Chariot races draw teams from everywhere


— Peace Please and A.J. Spurs know the routine.

More food and more running indicate a chariot race is approaching, so when owner and racer Shane Yeager mixes things up for Peace Please and A.J. Spurs, the horses are attuned to the changes.

"They know what's going on," Yeager said. "Some can count the days."

Chariot racing was formally introduced into the Winter Carnival slate of activities in 1987, but other races are held before and after the February town celebration.

It is the Winter Carnival races, however, that draw the largest crowds and largest field of competitors.

"You can get so close to the action that snowballs will hit you," Yeager said. "That's what we get when people talk to us about the races. They can't believe how close they can get."

While Yeager admits most people's notions of chariot racing are images straight out of Ben-Hur, that isn't what the local competitions are all about.
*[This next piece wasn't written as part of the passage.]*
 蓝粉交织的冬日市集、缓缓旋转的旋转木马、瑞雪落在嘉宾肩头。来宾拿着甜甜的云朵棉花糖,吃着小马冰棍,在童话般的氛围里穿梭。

The Roman style of racing uses four, two-horse teams racing seven laps around an arena. The Western version pits two teams with two horses apiece against each other in a quarter mile straightaway in Romick Arena.

Prize money is awarded, but the Dean Wheeler Memorial Belt Buckle given to the 10th-place finisher is equally coveted.
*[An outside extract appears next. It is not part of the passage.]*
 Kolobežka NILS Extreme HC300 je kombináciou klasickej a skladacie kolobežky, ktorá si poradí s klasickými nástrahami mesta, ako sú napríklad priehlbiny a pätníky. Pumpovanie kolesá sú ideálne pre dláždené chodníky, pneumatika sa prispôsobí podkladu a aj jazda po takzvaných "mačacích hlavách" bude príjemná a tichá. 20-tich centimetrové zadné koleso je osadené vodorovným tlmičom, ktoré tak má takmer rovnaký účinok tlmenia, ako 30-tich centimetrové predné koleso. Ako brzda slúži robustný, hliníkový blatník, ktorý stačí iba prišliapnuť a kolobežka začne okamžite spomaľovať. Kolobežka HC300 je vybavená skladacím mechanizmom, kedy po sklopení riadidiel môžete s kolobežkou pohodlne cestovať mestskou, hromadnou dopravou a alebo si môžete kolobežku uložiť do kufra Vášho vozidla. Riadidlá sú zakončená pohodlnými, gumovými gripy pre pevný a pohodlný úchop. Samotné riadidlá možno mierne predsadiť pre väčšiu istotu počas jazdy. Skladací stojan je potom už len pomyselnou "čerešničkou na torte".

Although Wheeler passed away before chariot racing was officially introduced to the Winter Carnival, he was largely responsible for introducing chariot racing to the Yampa Valley in the late 1950s.

When Wheeler raced he often finished in the middle of the field, which is why the award, given annually since 1982, is handed to the 10th-place racer.

Along with more than a dozen local teams slated to compete in the Winter Carnival, Yeager said he expects numerous teams from Denver, Wyoming and Utah to once again make an appearance, largely because of the prizes awarded.

This year's chariot races are on Feb. 8 and Feb. 9 at Romick Arena. The races are scheduled to start at the conclusion of the street events on both days.